OK, I am getting silly. On our trip this week, we were in areas very well served by public transport and yet there was still a lot of traffic. Crossing the road by Camden Lock Market was horrible and a driver jumped the red light of the pelican crossing near Crossharbour DLR. 

I am not an economist or a transport planner, but in my opinion, if London is to deal with the transport problems it faces, then in my view, it lies with cheaper and denser public transport and more priority for walking and cycling to help with local and shorter journeys. We also need to get away from giving any oxygen to projects such as the cable car and SkyCycle as they take effort and indeed resources away from what we really should be doing.


  1. Travelling on public transport in London with kids is fun! Trying to work out the best fare isn't…

    One day, all zones Travelcard (no railcard)
    Adult £8.90, Child £3.40
    Total £15.70

    But if you're travelling on trains together regularly it's worth getting a Friends and Family Railcard. The fares then are:
    Adult £5.90, Child £2
    Total £9.90

    Or you can get Oyster cards for children. There are different versions for different ages, but the best bit is that there's a daily cap of £1.50 for younger ones. So for all zones travel you'd pay:
    Adult £8.50, Child £1.50
    Total £11.50

    And you can use the Oyster cards on the cable car and get the same discounted rates.

  2. Of course the massive issue regarding driving is that so many of the costs are external ones. Even taking VED and paltry charges for on-street parking into account, drivers are nowhere near even realising the extent of the harm and damage they do, let alone having to compensate anyone for it. In fact, such is the sense of entitlement from "road tax" that speed cameras are vociferously opposed, petrol tax increases scrapped again and again, and so on.

    Even this article - - which makes some good points, doesn't consider the indirect harm done by motor transport in that it stops people from choosing healthier more sustainable transport choices; eg the lack of sustainable safety which mean my daughter's friends' parents always drive to school because other modes feel too dangerous.

    1. Interesting - "all you can eat driving".

      Look, I have a car and it is a very useful tool indeed. It sits around most of the time gathering rust, but if I want to take the tribe to see a relative a long way away, it is there. For such journeys it is cheaper and quicker then the train.

      My car is great for picking up stuff for DIY projects, very useful for work to get to some locations and so on.

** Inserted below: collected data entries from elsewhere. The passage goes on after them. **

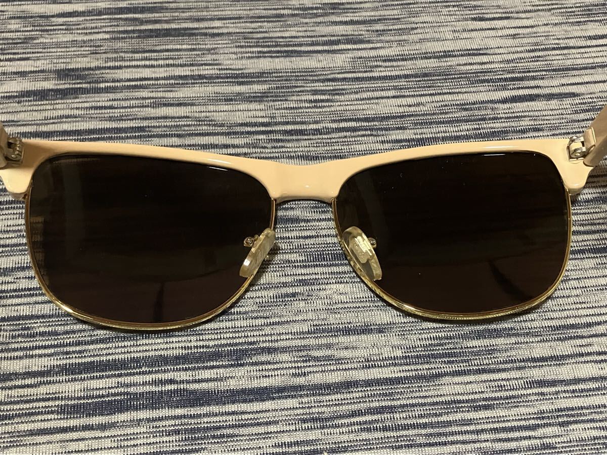 レンズはスモーク、フレームはベージュ系のカラーです。
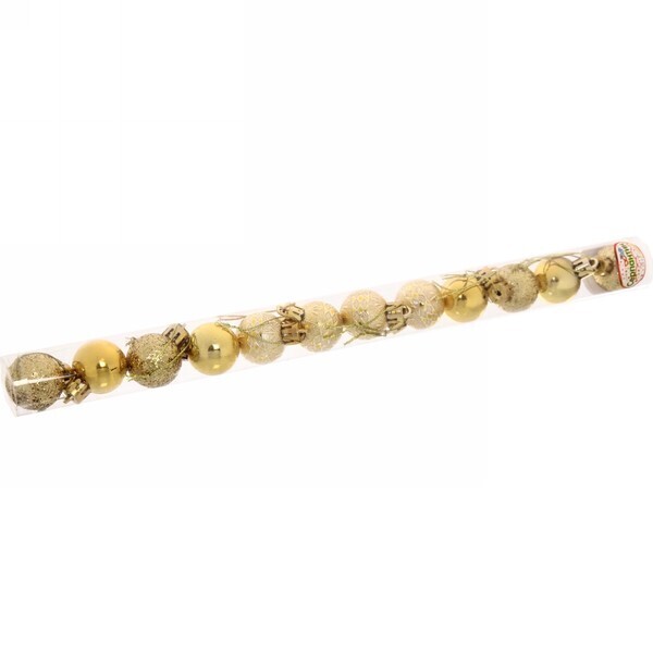 Новогодние шары — это не просто украшения, это символы праздника, которые наполняют ваш дом атмосферой уюта и радости. Набор из 12 шаров диаметром 3 см в золотом цвете с разнообразными фактурами станет идеальным дополнением к вашему новогоднему декору. Эти шары подойдут как для украшения елки, так и для создания стильных композиций в офисе или на праздничном столе.
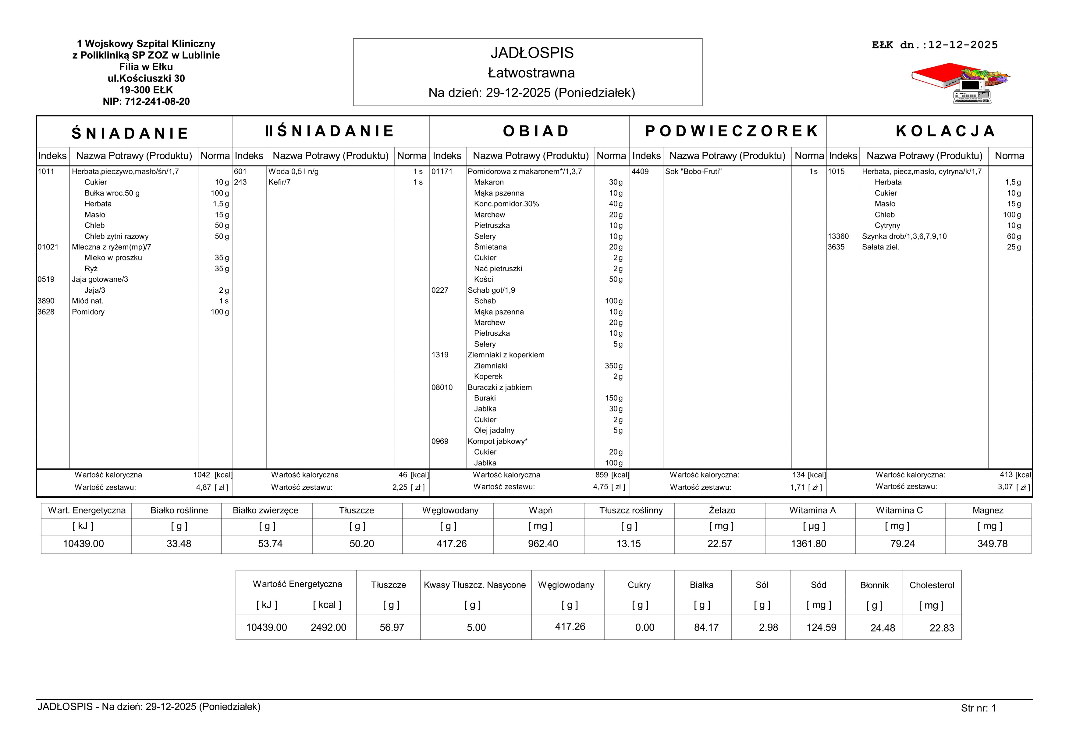 Poniedziałek 29.12.2025
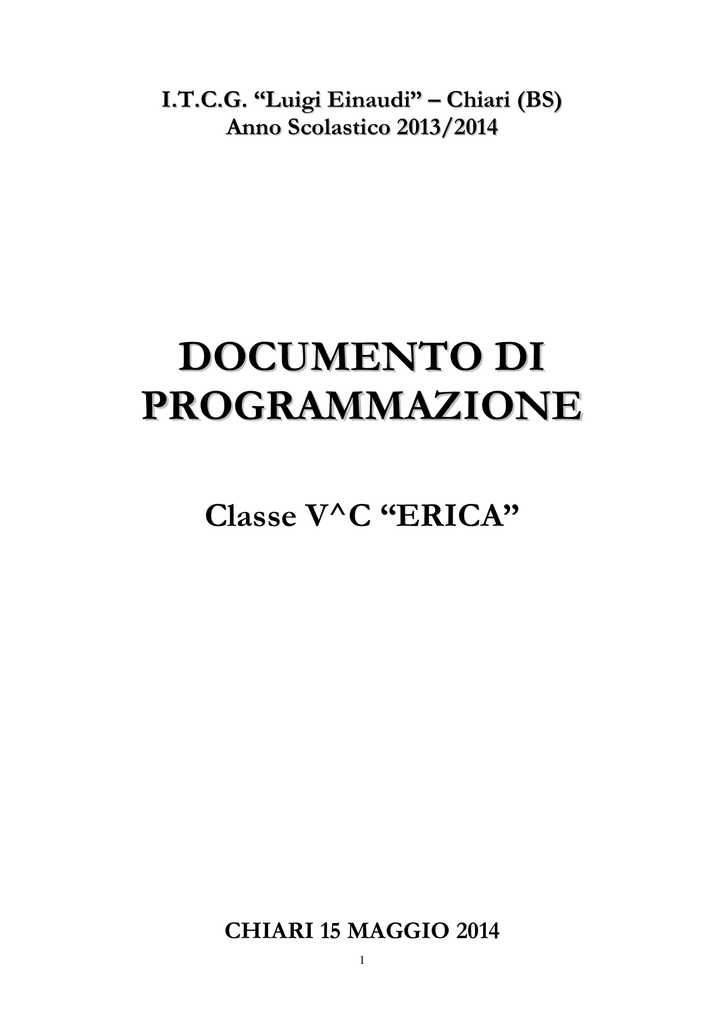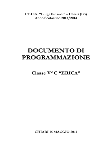 I.T.C.G. “Luigi Einaudi” – Chiari (BS) Anno Scolastico 2013/2014 DOCUMENTO DI PROGRAMMAZIONE Classe V^C “ERICA” CHIARI 15 MAGGIO 2014 1 INDICE DEL DOCUMENTO DEL 15 MAGGIO DELLA CLASSE 5C ERICA Composizione del Consiglio di Classe p. 2 PARTE PRIMA: profilo professionale previsto dall’indirizzo di studi E.R.I.C.A. p. 3 PARTE SECONDA: profilo della classe - presentazione della classe: composizione storia e profilo - obiettivi trasversali p. 4 p. 5 - simulazioni delle prove d’esame p. 5 - commissari interni p. 5 - area progetto p. 5 PARTE TERZA: programmazione disciplinare - Lingua e Letteratura Italiana p. 6 - Storia p. 8 - Matematica Applicata P. 9 - ELEA - Elementi di Legislazione ed Economia per l’Azienda p. 10 - Inglese p. 12 - Tedesco p. 15 - Spagnolo p. 16 - Storia dell’Arte p. 18 - Geografia Generale ed Antropica p. 20 - Educazione Fisica p. 20 - Religione p. 22 PARTE QUARTA: attività curricolari, extracurricolari ed integrative p. 23 PARTE QUINTA: la valutazione P. 24 PARTE SESTA: considerazioni finali del Consiglio di Classe p. 25 Allegati - Allegato 1: Prima Simulazione Terza Prova 12-03-2014 - Allegato 2: Seconda Simulazione Terza Prova 06-05-2014 2 COMPOSIZIONE DEL CONSIGLIO DELLA CLASSE 5C ERICA A.S. 2013-2014 DISCIPLINA INSEGNANTE Lingua e Letteratura Italiana prof. Zamboni Vittoria Storia prof. Zamboni Vittoria Inglese prof. Vertua Cristina Tedesco prof. Masseroni Roberto Spagnolo prof. Baroni Fulvia Conversazione Tedesca prof. Hageneder Sonja Conversazione Spagnola prof. Cukjati Angela Matematica Applicata prof. Calabria Silvana ELEA prof. Begni Silvano Geografia Generale ed Antropica prof. Piemontese Aldo Storia dell’Arte prof. Mega Ciro Educazione Fisica prof. Renda Silvana Religione prof. Amighetti Giovanni Coordinatore: prof.ssa Cristina Vertua 3 PARTE PRIMA Profilo professionale previsto dall’indirizzo di studi E.R.I.C.A. (Educazione alla Relazione Interculturale nella comunicazione Aziendale) Il diplomato del progetto E.R.I.C.A., oltre a possedere conoscenze globali dei processi che caratterizzano l’azienda dal punto di vista economico, giuridico e organizzativo, possiederà una solida cultura generale, competenza linguistica comunicativa e capacità logiche. Sarà inoltre in grado di stabilire e mantenere rapporti tra l’azienda e l’ambiente in cui opera svolgendo funzioni connesse alla comunicazione d’impresa rivolta verso l’esterno. CONOSCENZE · Solida cultura generale accompagnata da capacità linguistico-comunicative e logico-interpretative; · conoscenze globali del sistema azienda e dei processi che caratterizzano la gestione aziendale nell’aspetto economico, giuridico ed organizzativo; · conoscenza dei rapporti che intercorrono fra azienda e l’ambiente esterno, sia nazionale che estero, per gestire gli aspetti della comunicazione e produrre atti comunicativi; · conoscenza della cultura e degli assetti istituzionali delle nazioni straniere di cui usa la lingua; · conoscenza del patrimonio artistico e ambientale per organizzare attività connesse con il turismo. COMPETENZE Il dilpomato E.R.I.C.A. sa: · comunicare, utilizzando i linguaggi settoriali, nelle lingue straniere studiate, oltre che in lingua italiana, sia dal punto di vista ricettivo che da quello produttivo; · organizzare e gestire gli aspetti della comunicazione relativi alla lettura dell’ambiente e dell’opera d’arte inquadrati nel loro contesto storico-culturale; · elaborare dati e rappresentarli, utilizzando strumenti informatici; · affrontare e risolvere problematiche aziendali, sia in ambito giuridico che economico. CAPACITA’ Il diplomato del corso E.R.I.C.A è in grado di: · documentare con precisione il proprio lavoro; · tradurre e redigere la corrispondenza commerciale; · tenere relazioni esterne di vario livello con enti, aziende, sia nazionali che estere; · analizzare testi e fonti di informazione economica italiani e stranieri; · organizzare attività connesse con il turismo; · effettuare scelte e prendere decisioni ricercando ed assumendo le opportune informazioni; · partecipare al lavoro organizzativo, individualmente o in gruppo, accettando ed esercitando il coordinamento. 4 PARTE SECONDA Profilo della classe PRESENTAZIONE DELLA CLASSE: COMPOSIZIONE, STORIA E PROFILO La classe è composta da 19 alunni, di cui 5 maschi e 14 femmine, tutti provenienti da Chiari e paesi limitrofi. L’attuale classe è frutto di un'evoluzione cha a partire dal primo anno di corso ha visto il mutarsi della propria composizione per via di alcuni abbandoni, bocciature e per l'acquisizione di nuovi studenti provenienti da altre classi. Il nocciolo grosso della classe è comunque rimasto lo stesso e quindi rappresenta la maggioranza numerica. Infatti nell'arco del quinquennio la classe non ha sostanzialmente modificato la propria identità e fisionomia. Per quanto riguarda l’aspetto della continuità didattica, va segnalato che per alcune discipline questa è stata garantita per cinque anni consecutivi (Inglese, Tedesco, Educazione Fisica); in altri casi è stata assicurata per tre anni (Italiano, Storia, E.L.E.A., Geografia); in altri ancora invece gli studenti hanno visto l'alternarsi di docenti diversi per ogni anno del triennio (Spagnolo, Matematica e Storia dell'Arte). La maggior parte degli alunni ha avuto un percorso di studi regolare. La classe ha mediamente mantenuto un impegno abbastanza continuo, anche se una maggiore tenacia da parte di alcuni avrebbe potuto produrre, in generale, risultati migliori. L’interesse mostrato per il percorso di studi seguito è stato buono; altrettanto dicasi per l’attenzione e la disponibilità nei confronti delle attività extracurricolari, soprattutto da parte di alcuni studenti. Durante il triennio i risultati ottenuti sono stati i seguenti: · nel terzo anno, la classe era composta da 24 alunni di cui: - 12 sono stati promossi a pieni voti; - 8 sono stati promossi con debito in almeno una materia; - 4 no

In short convenience.

      But, the flip side is sitting in and causing congestion, pollution, safety, health etc.

      We are addicted to our cars for all sorts of reasons and frankly encouragement hasn't worked and people still seem happy (or resigned) to pay the current costs of motoring - how much a proper cost would look is another point of course.

      I think we need to invest in reworking local streets to prioritise walking and cycling because unless the alternative is there, people feel unsafe and you can never convince people otherwise.

      We have one of the lowest crime rate wards fairly near to where I live, but crime is a high local priority. Same with fear of traffic if you ask me!